Chang K H, Yi J G, Han M H, Kim I O
Department of Diagnostic Radiology, Seoul National University College of Medicine, Korea.
J Korean Med Sci. 1990 Jun;5(2):85-90. doi: 10.3346/jkms.1990.5.2.85.
The brain MR images of 23 patients with angiographically proved moyamoya disease were reviewed to evaluate the capability of MR to demonstrate vascular and parenchymal abnormalities. All the MR images were obtained on a 2.0 T superconducting system and included T1-weighted sagittal and T2-weighted axial images without implementation of flow compensation (FC).

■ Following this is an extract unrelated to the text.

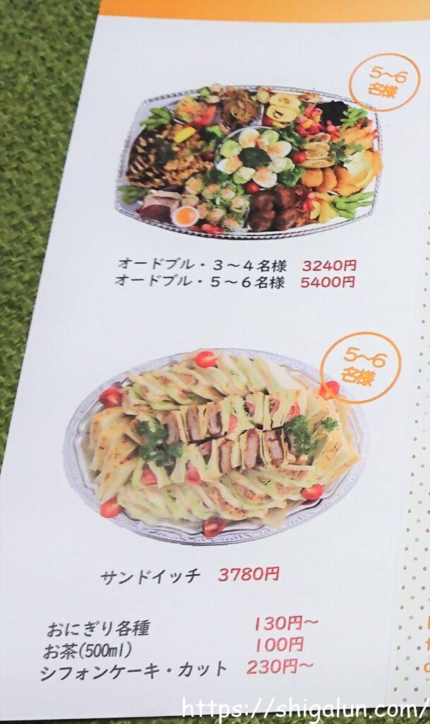 2日前からの予約が必要(*要確認)ですが、オードブル(写真参照・一例です↓)もされています。

The vascular abnormalities demonstrated on MR images were narrowing of the cavernous internal carotid artery (ICA) (73%), narrowing or occlusion of the supraclinoid ICA (87%) and proximal middle cerebral artery (MCA) (91%), and multiple collateral vessels in the basal ganglia and/or thalamus (96%). The parenchymal abnormalities included ischemic infarctions (74%), predominantly located in watershed areas, hemorrhagic infarctions (26%), intracerebral hematomas (13%), and intraventricular hemorrhage (13%). In conclusion, MR imaging was a useful diagnostic modality for detecting both vascular and parenchymal abnormalities associated with moyamoya disease. This may obviate the need for invasive angiography as far as the diagnosis is wanted at the non-quantitative level.
回顾了23例经血管造影证实为烟雾病患者的脑部磁共振成像(MR),以评估MR显示血管和实质异常的能力。所有MR图像均在2.0T超导系统上获得,包括未实施血流补偿(FC)的T1加权矢状位和T2加权轴位图像。MR图像上显示的血管异常包括海绵窦段颈内动脉(ICA)狭窄(73%)、床突上段ICA狭窄或闭塞(87%)以及大脑中动脉(MCA)近端狭窄或闭塞(91%),基底节和/或丘脑出现多条侧支血管(96%)。实质异常包括缺血性梗死(74%),主要位于分水岭区,出血性梗死(26%),脑内血肿(13%)和脑室内出血(13%)。总之,MR成像对于检测与烟雾病相关的血管和实质异常是一种有用的诊断方法。就非定量水平的诊断而言,这可能无需进行有创血管造影。